Aug. 27 (Bloomberg) -- Investors are buying protection against losses after a 19 percent rally in U.S. energy shares, concerned they’re bound to fall amid depressed demand for oil.
Options on the Energy Select Sector SPDR Fund have tripled in price since May relative to contracts on an exchange-traded fund tracking the Standard & Poor’s 500 Index, according to six- month data compiled by Bloomberg. The gap widened to 3.3 points on Aug. 14, the widest since January.
Drillers, refiners and pipeline operators in the S&P 500 have advanced 19 percent from a low in February, the most of 10 industry groups in the U.S. benchmark gauge. The gains contrast with oil prices, which fell to a seven-month low last week amid disappointing signs of future demand and the lack of major supply disruptions from ongoing violence in the Middle East. The price discrepancy is poised to end, according to Guillaume Duchesne of BGL BNP Paribas SA.
“It’s too early to invest in energy stocks because of expectations of a supply constraint,” Duchesne, an equity strategist at BGL BNP Paribas in Luxembourg, said by telephone. “While there are big issues that may come out of the conflicts in Libya and Iraq, the trends in demand are not that impressive.”
The energy ETF, known by its ticker symbol XLE, has rallied 11 percent this year, compared with a 1.3 percent decline in the United States Oil Fund LP, which tracks crude.
A glut is shielding prices against tensions in the Middle East and North Africa, the International Energy Agency, an adviser on energy policy to 29 developed nations, said on Aug. 12. Global demand growth sagged to its weakest in two years in the second quarter, the Paris-based agency said.
The conflict in Iraq, the second-biggest producer in the Organization of Petroleum Exporting Countries, has largely spared the south of that nation, home to about three-quarters of its crude production.
The Energy Information Administration, the U.S. Energy Department’s statistical arm, forecast the nation’s output of crude oil will climb to 9.28 million barrels a day next year, the highest level since 1972. The agency cut its 2014 price estimate for West Texas Intermediate to $100.45 a barrel from a July projection of $100.98.
The nine most-owned options on the XLE are bearish, data compiled by Bloomberg show. Puts betting on a drop to $95 a share by October have the biggest ownership, followed by contracts calling for such a decline by Sept. 20, according to the data.

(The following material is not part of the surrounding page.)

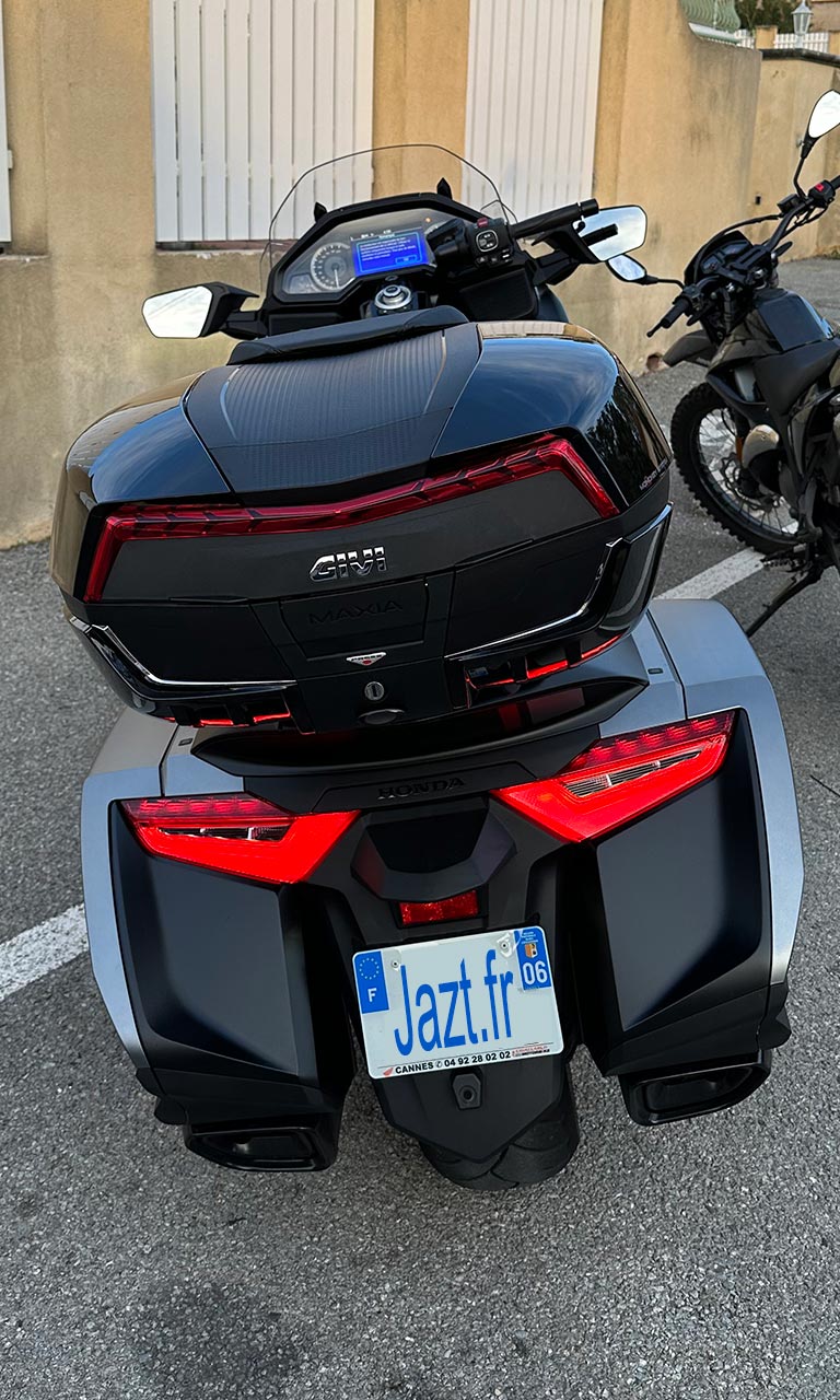 Jazt.com et David Jazt recommandent d’acheter un Top case Givi. Givi Maxia et sa contenance de 58 litres. 58 litres c’est une grande contenance dans laquelle on peut facilement transporter sur sa Goldwing dans son top case un cas de sport, un sac de voyage, une bache pour protéger sa moto, un cadenas, une chaine anti-vol éventuellement. Avec un Top Case de 58 litres il est possible de mettre deux casques l’un à côté de l’autre sans chercher à savoir dans quel sens les mettre. C’est volumineux 58 litres pour un Top Case pour autant le Maxia 58 VN n’est pas vilain je trouve, au contraire. Vous en pensez quoi ? N’hésitez pas à laisser un commentaire pour me dire ce que vous en pensez.

Energy producers are still attractive, especially when compared with most of the U.S. stock market, where it has become harder for equity investors to find value, according to Russ Koesterich of New York-based BlackRock Inc., the world’s largest money manager. Energy stocks in the S&P 500 trade at 15.2 times projected profits, compared with 16.8 times for the broader gauge, data compiled by Bloomberg show.
Violence in the Middle East may also boost oil prices in the future, as Iraq struggles to ramp up production at the rate energy analysts estimate, creating supply constraints, said Koesterich, the chief investment strategist at BlackRock.
Bearish options trading is “a reflection of the fact that oil prices have come off dramatically in the last four to six weeks,” he said in a phone interview. BlackRock oversees $4.32 trillion. “In the long term, energy stocks still represent good value.”
S&P 500 energy companies are poised to see profits increase for the first time in three years. Analysts estimate earnings at oil and gas suppliers will climb 9.9 percent in 2014, data compiled by Bloomberg show. Sales are projected to jump 9.5 percent, the most since 2011, the data show.
The Chicago Board Options Exchange Crude Oil Volatility Index fell 6.1 percent this year to 16.68 yesterday. That’s less than the 15 percent drop in the CBOE Volatility Index, which tracks S&P 500 options prices.
Rallies in energy companies have spurred investors to hedge their gains by using the broader-based energy ETF, according to Chris Jacobson of Susquehanna Financial Group LLLP.
Halliburton Co. has surged 38 percent this year as the world’s largest provider of hydraulic-fracturing services said demand for fracking in North America has turned a corner. The Houston, Texas-based company boosted its operating profit margin in the region and grew revenue by 14 percent.
Williams Cos. has rallied 53 percent in 2014 after promising a 32 percent dividend increase in June. Profit at the fourth-largest U.S. pipeline operator will jump 27 percent this year, according to analyst projections compiled by Bloomberg.
“We’ve seen a pretty consistent trend of protective put buying in the XLE,” Jacobson, an options strategist at Susquehanna in New York, said in an interview. “The group has been one of the better performers on the year, so there may be a general interest in protecting gains.”